Saturday 26 October 2019

Tuesday 22 October 2019

October's Interview - Susan Burns


October's Interview - Susan Burns



Q. So, you’re an award-winning author. Tell us more.

Yes, thanks, Chris. I belong to a few chapters of Romance Writers of America (RWA), on and off-line. My first career had been basically as an engineer and applied mathematician, so in writing sci-fi novels, I wanted to delve deeply into the psyche of my characters through what Orson Scott Card (of ENDERS GAME fame) says is THIRD PERSON LIMITED DEEP POINT OF VIEW narration. RWA continues to help me to write my social sci-fis (or sci-fi romances (SFRs)) with more depth than we might find in traditional sci-fi thrillers.

Every once in a while, I like to write near contemporaries so I can amplify the relationships between characters (heroes and heroines) rather than getting lost in the science.

Years ago my first contemporary, originally called A PERFECT MATCH, was given The Golden Claddagh Award from the Celtic Hearts on-line chapter of the RWA.
Working it over as a suspense, I renamed it OPEN SEASON on Love and Death (finally out on August 31st of this year, during the U.S. Open Tennis Championships in Flushing Meadows where the story of our future tennis champion takes place).

Q. Your books have been rather successful, sales-wise. What do you do for promotion?

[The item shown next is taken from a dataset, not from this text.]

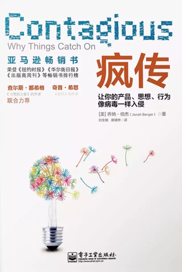 沃頓商學院的教授喬納·伯傑,曾出版了一本名為《瘋傳》的著作,主要討論某些產品或思想能夠流行的原因,在不少營銷領域非常知名,相信不少朋友都曾翻閲過。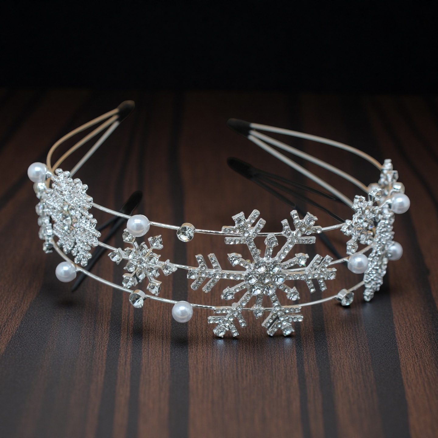 新品厂家直销新娘头饰皇冠发箍 欧美气质银雪花水钻发饰头箍批发

Most indie writers know it is hard to get noticed, even if an author has honed their craft. My first book, an erotic sci-fi horror novella, was published traditionally through Whiskey Creek that was subsequently bought out by Simon & Shuster. Two of my LEGENDS OF THE GOLDENS series were published by SOUL MATE, who from time to time does promotion for its authors. To amplify sales, at the insistence of my SOUL MATE editor, I wrote a novella that I indie-published free through DRAFT2DIGITAL. Amassing a Twitter.com audience using Tweepi.com, I managed to keep my novella in the Amazon top-downloaded for months.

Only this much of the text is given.